Doctor City

The old Cook County Hospital Building, landmarked and vacant for 13 years, could soon see new life.
Ryan Rohlfs, Brook Architecture

The Illinois Medical District is having a long-overdue operation to transform the 560-acre swath of institutional buildings on Chicago’s West Side into a more active, urban neighborhood. A mix of county, state, local government, and private interests have for years worked to redevelop sections of the special-use area, two miles due west of The Loop. But a recently signed 75-year ground lease with the Illinois Medical District Commission (IMDC) represents a key hurdle cleared for a project, which is called IMD Gateway—a 9.5-acre vacant parcel at 2020 West Ogden Avenue.

One developer working on the project, Thomas Samuels, described the vision for IMD Gateway as “a relatively dense, urban town center with both paved and green public spaces.” The multiphase plans include a hotel, retail space, apartments targeted at young professionals, multifamily housing, and parking areas.

The $350 million project, which is expected to break ground in late 2015, will be privately financed. The developers include Higgins Development Partners, Thomas Samuels Enterprises, East Lake Management & Development Corp, and Isiah Real Estate, which is headed by former NBA star Isiah Thomas.

With 50,000 daily visitors and nearly 30,000 employees, the self-billed “largest urban medical district” in the nation already hums with economic activity, boasting dozens of healthcare facilities, from labs to biotech business incubators. Two universities call the area home—Rush University and the University of Illinois at Chicago each have hospitals there. Yet the district has long existed somewhat apart from the city in which it resides, with a distinctly different urban character than neighboring communities.

Several plans have surfaced since the Illinois Medical District Commission first drafted a master plan for the area’s redevelopment during the 1990s. “If you went back and looked at the master plan, it really envisioned the medical district as a suburban-style office park,” said Samuels. “The IMDC’s thinking has totally changed. They want it to be a dense, mixed-use place where people really want to go.”

Working with architects at Epstein, a design and construction company headquartered in Chicago, the developers hope to attract visitors with pedestrian-oriented spaces that branch off an extension of the city’s street grid, which they plan to build on the site. Though plazas and quadrangles will mediate more than 1 million square feet of vertical development, the plan is not without facilities for automobiles—it also includes a stand-alone, five-story parking structure.

Details are scant on how it would operate, but Samuels said the plan is to top the parking garage with an urban farm comprising 40,000 square feet of greenhouse space. Developers Gateway Partners are in talks with Montreal-based Lufa Farms about the rooftop greenery, which would be built along with the second office building in a later phase of development.

Another part of the district’s evolution is a county-owned historic building that has languished for years in its prominent site along the Eisenhower Expressway. The old Cook County Hospital building dates to 1914 and sports an intricate Beaux Arts facade that in its heyday sheltered the nation’s first blood bank, and has been referred to as “Chicago’s Ellis Island” for its hospitality to the city’s immigrant populations. Vacant now for 13 years, the deteriorating building has avoided demolition with the help of local preservationists. Last year county officials issued a request for proposals to develop the building and neighboring sites.

Four development teams are vying for the contract, and one will get the go ahead by late summer or early fall, according to Cook County’s bureau chief of asset management, John Cooke.

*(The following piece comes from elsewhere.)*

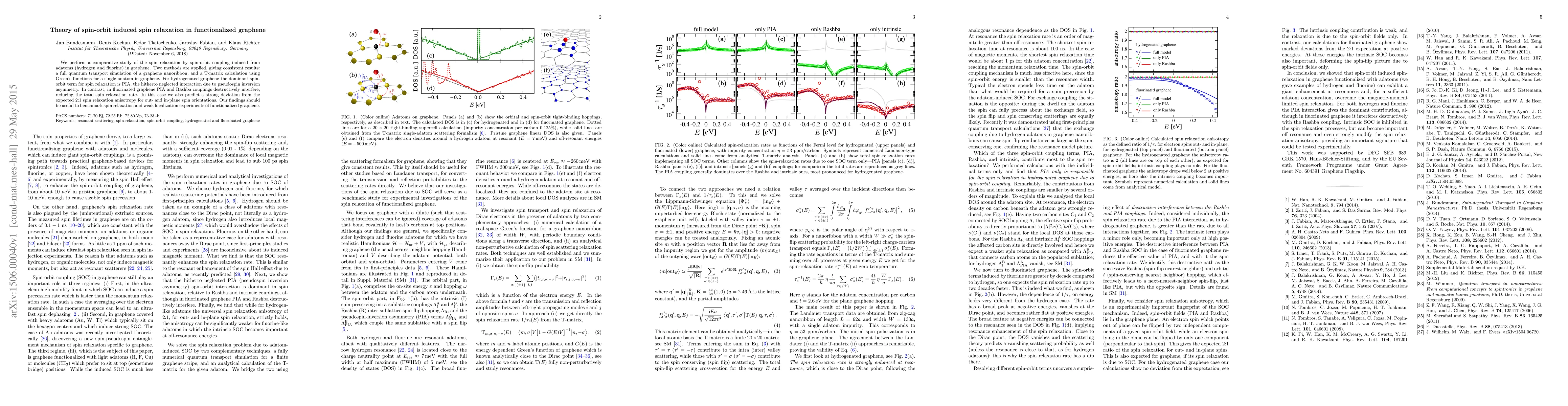 This paper investigates spin relaxation mechanisms in graphene functionalized with hydrogen and fluorine, revealing that PIA is the dominant spin-orbit term for spin relaxation in hydrogenated graphene, while in fluorinated graphene, PIA and Rashba couplings interfere, leading to reduced spin relaxation and altered anisotropy.

That is also the deadline for a separate RFP targeting “core medical” uses, including a new ambulatory care clinic.

Cooke said the county will seek programming throughout the site that does not duplicate the work of Gateway’s developers. “Our key thing is to be complementary to the 1.2 million square feet that gateway is developing,” he said. “We wouldn’t have the same uses, so for example if they do a long-term stay hotel, we would look to have short-term stays.”

A charrette hosted last year at the Chicago Architecture Foundation showed plans for the old hospital building that included a museum, residential units, and ground-floor retail. Construction on the winning redevelopment proposal could begin as early as mid-2016. “Many people were very skeptical of our process because the building has sat for so long,” said Cooke. “Everyone is excited about preserving and redeveloping the building.”